Equal Justice at Work: October 2013, Public Service, Passion for Change, Promise of Justice For All
Executive Director's Corner
Public Service, Passion for Change, Promise of Justice For All
October is the biggest month of the year for Equal Justice Works. Actually, it’s one week in October -- the week of October 21 -- when thousands of people from around the country will come together to learn, discuss, support, explore, mentor and be mentored, train and be trained about public service and public interest law. Students, Fellows, public interest employers, private lawyers, and our law school colleagues all come together to participate in at least one of our Fall Events:
-our Leadership Development Training, with three days of critical skills development for our 140 Equal Justice Works Fellows who are working on behalf of under-served communities such as veterans, immigrants, victims of domestic violence, and children;
-our Conference and Career Fair, where more than 1,200 law students from across the country come together to connect with nonprofit organizations, public interest law firms, government agencies, public defenders, and prosecutors – to learn skills, meet public interest leaders, and interview for jobs; and
-our Annual Dinner with 800 attendees where we raise the funds we need to run our programs and where we present our annual “Scales of Justice” award.
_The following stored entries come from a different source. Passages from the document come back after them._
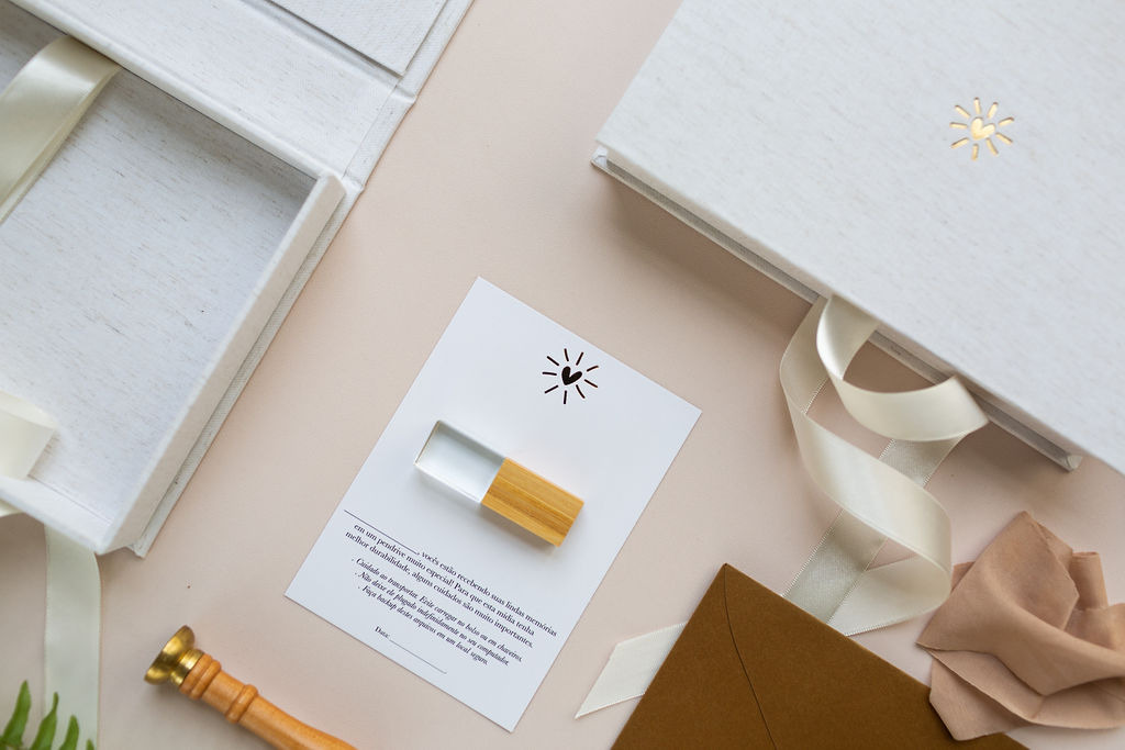 Não é simplesmente uma caixa qualquer, o material físico é a forma mais linda de você eternizar suas fotografias, de deixar as memórias afetivas ativas, ele é composto por caixa 10x15 feita a mão sendo um produto artesanal, impressões no tamanho 10x15 de acordo com cada pacote, e pen drive.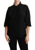 Black Silk Shirt Ruffled Top Blouse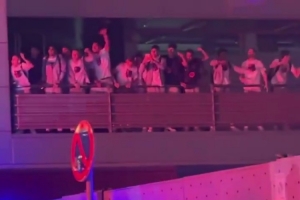 據(jù)科貝電臺(tái)報(bào)道,巴薩全隊(duì)已經(jīng)返回甘伯體育城,球員們來(lái)到陽(yáng)臺(tái)上,與球迷一起慶祝奪冠。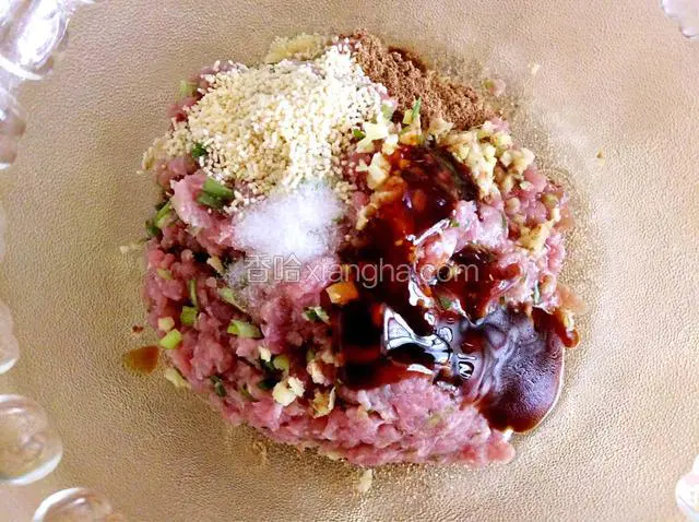 2.姜、葱切碎粒、放入肉馅中,根据自己的口味加适量的盐、花椒粉、鸡精、食用油、蚝油搅拌均匀。

Our theme for this year is “Public Service, Passion for Change, and Promise of Justice for All.”
It was inspired by the man we are honoring this year – Cam Findlay, Senior Vice President, General Counsel and Secretary of Archer Daniels Midland Company. Cam is being recognized for his extraordinary commitment to pro bono and public service throughout his career.
Out of curiosity, I Googled “public service.” According to Wikipedia, “public service has the characteristics of a public good, and most are services which, according to prevailing social norms, are under-provided by the market…. People with a public service ethos are those who wish to give something to the wider public or community through their work.”
Cam Findlay embodies the public service ethos we hope every law student possesses when they graduate from law school.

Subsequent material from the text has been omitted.